İddianamede, kendisini emekli müsteşar olarak tanıtan suç örgütünün elebaşı Mustafa Kemal Zengin'in, tutuklu Tuğçe Toptemel'in serbest bırakılması maksadıyla cumhuriyet savcısı Yavuz Engin'in tehdit edilmesi olayını organize ettiği ifade ediliyor.
Avukat Aylin Arslantatar'ın örgütün hukuki konularla ilgili yöneticisi olduğu öne sürülen iddianamede, örgüt yöneticisi olarak gösterilen Gökhan Güler'in ise maddi menfaat sağlamak maksadıyla cezaevinde tutuklu bulunan sanıkların usulsüz şekilde tahliye edilebilmesi için çalışmalar yaptığı, tahliye ettirdiği sanıklardan menfaat elde ederek suç örgütüne maddi gelir sağladığı vurgulanıyor.
Ceza istemleri
İddianamede, elebaşı Mustafa Kemal Zengin ile örgüt yöneticileri Aylin Arslantatar ve Gökhan Güler hakkında "kişiyi yerine getirdiği kamu görevi nedeniyle tasarlayarak öldürmeye teşebbüs", "suç işlemek amacıyla silahlı örgüt kurmak", "yargı görevini yapanı etkilemeye teşebbüs", "var olan ya da varsayılan suç örgütlerinin isimlerini kullanarak birden fazla kişiyle birlikte tehdit", "Devlet İstihbarat Hizmetleri ve Milli İstihbarat Teşkilatı Kanunu'na muhalefet", "ruhsatsız silah taşıma ya da bulundurma", "özel hayatın gizliliğini ihlal", "kişisel verileri hukuka aykırı olarak ele geçirmek veya yaymak" suçlarından toplam 48'er yıldan 100 yıl 6'şar aya kadar hapis cezası talep ediliyor.

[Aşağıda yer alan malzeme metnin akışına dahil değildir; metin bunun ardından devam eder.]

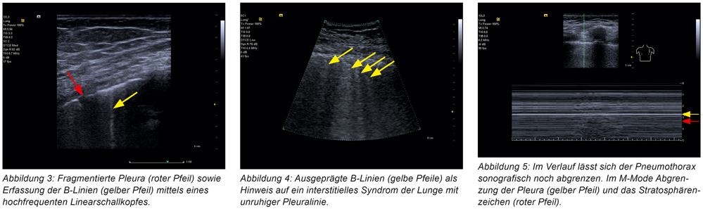 Bildgebende Verfahren sind nicht dazu geeignet sicher die spezifische Diagnose einer COVID-19-Pneumonie zu stellen, sondern zeigen nur die Zeichen und die Ausdehnung einer pulmonalen Erkrankung. Für die Diagnosestellung ist die Zusammenschau aus Klinik des Patienten, Vitalparametern, Bildgebung sowie laborchemischer und virologischer Diagnostik entscheidend. Die Rolle des Ultraschalls in der Diagnostik und Verlaufskontrolle von COVID-19-Pneumonien wurde – wie auch die CT-Diagnostik – aufgrund der Kürze der Krankheitserstbeschreibung noch nicht abschließend bewertet. Größere klinische Studien fehlen bislang. Dennoch erscheint bei peripherer Lage die Ultraschalldiagnostik die meisten CT-Kriterien ebenso gut aufzeigen zu können, sodass die Ultraschalldiagnostik zur Verlaufsbildgebung von Patienten auf der Intensivstation zum Einsatz kommen kann. Mittels Ultraschall können im Verlauf Konsolidierungen des Lungenparenchyms und Aerobronchogramme (zum Beispiel auch bei Superinfektionen) dargestellt werden, ebenso wie neu auftretende oder zunehmende Pleuraergüsse oder andere Lungenpathologien, wie etwa ein Pneumothorax. Die Ultraschalluntersuchung der Lunge sollte unter größtmöglichem Eigenschutz und unter strenger Beachtung der klinikinternen Hygieneauflagen durchgeführt werden. Wir empfehlen standardisierte Untersuchungsbögen für die Durchführung und Dokumentation des Lungenultraschalls (zum Beispiel der gemeinsame Bogen der deutschsprachigen Ultraschallfachgesellschaften unter www.degum.de).

Örgüt üyeleri Baki Çelik, Yavuz Çelik, Zeynep Kaman, Muhammed Emin Orhan ile kamu görevlisi olan sanıklar T.A, M.D, M.B, M.E.Y, İ.K. ve M.G'nin ise "kişiyi yerine getirdiği kamu görevi nedeniyle tasarlayarak öldürmeye teşebbüs", "suç işlemek amacıyla örgüt kurma", suç işlemek amacıyla kurulan örgüte üye olmak", "yargı görevini yapanı etkileme", "özel hayatın gizliliğini ihlal etmek", "suç örgütlerinin isimlerini kullanarak birden fazla kişiyle tehditte bulunmak", "istihbarat faaliyetiyle ilgili bilgi ve belgeleri elde etmek", "kişisel bilgileri, hukuka aykırı olarak ele geçirmek veya yaymak", "ruhsatsız ateşli silahlarla mermileri satın alma veya taşıma veya bulundurma" ve "örgüte bilerek isteyerek yardım etme" suçlarından değişen oranlarda hapisle cezalandırılmaları isteniyor.